Task prompt: Please repeat, from the entries that follow, the lines from the one containing "What kinds of" through the one containing "前文提到,重组蛋白按功能与结" exactly, adding nothing.

##### Information supplied #####

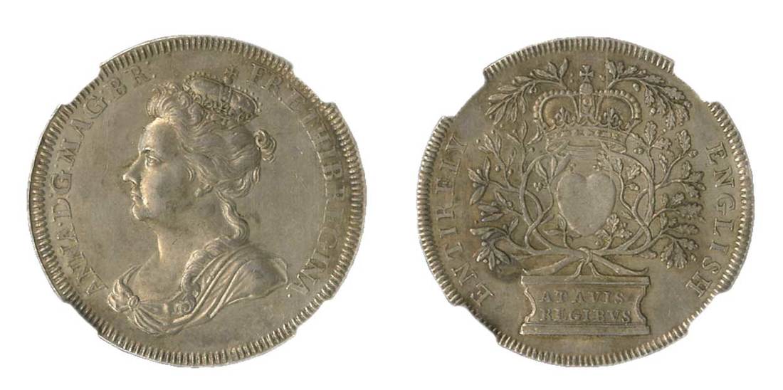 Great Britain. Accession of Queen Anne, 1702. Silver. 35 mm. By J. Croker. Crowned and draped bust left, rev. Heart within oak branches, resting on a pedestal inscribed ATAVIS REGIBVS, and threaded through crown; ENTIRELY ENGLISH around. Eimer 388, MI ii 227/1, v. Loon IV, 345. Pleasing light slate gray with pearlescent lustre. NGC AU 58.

#####
##### Information supplied #####

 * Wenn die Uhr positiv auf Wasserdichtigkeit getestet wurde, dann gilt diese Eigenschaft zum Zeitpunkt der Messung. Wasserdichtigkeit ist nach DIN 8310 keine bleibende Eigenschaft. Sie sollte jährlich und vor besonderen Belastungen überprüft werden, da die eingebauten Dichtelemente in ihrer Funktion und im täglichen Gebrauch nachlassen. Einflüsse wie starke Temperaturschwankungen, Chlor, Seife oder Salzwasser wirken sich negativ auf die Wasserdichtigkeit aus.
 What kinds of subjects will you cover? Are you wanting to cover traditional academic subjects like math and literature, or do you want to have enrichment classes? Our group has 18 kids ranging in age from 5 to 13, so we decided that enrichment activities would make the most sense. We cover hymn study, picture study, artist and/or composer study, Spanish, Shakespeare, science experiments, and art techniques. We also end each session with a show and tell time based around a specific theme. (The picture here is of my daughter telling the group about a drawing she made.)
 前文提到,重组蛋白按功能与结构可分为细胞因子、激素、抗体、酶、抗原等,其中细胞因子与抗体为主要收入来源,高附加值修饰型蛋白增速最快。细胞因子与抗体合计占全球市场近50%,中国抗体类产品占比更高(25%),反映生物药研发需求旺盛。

#####

The answer:
 What kinds of subjects will you cover? Are you wanting to cover traditional academic subjects like math and literature, or do you want to have enrichment classes? Our group has 18 kids ranging in age from 5 to 13, so we decided that enrichment activities would make the most sense. We cover hymn study, picture study, artist and/or composer study, Spanish, Shakespeare, science experiments, and art techniques. We also end each session with a show and tell time based around a specific theme. (The picture here is of my daughter telling the group about a drawing she made.)
 前文提到,重组蛋白按功能与结构可分为细胞因子、激素、抗体、酶、抗原等,其中细胞因子与抗体为主要收入来源,高附加值修饰型蛋白增速最快。细胞因子与抗体合计占全球市场近50%,中国抗体类产品占比更高(25%),反映生物药研发需求旺盛。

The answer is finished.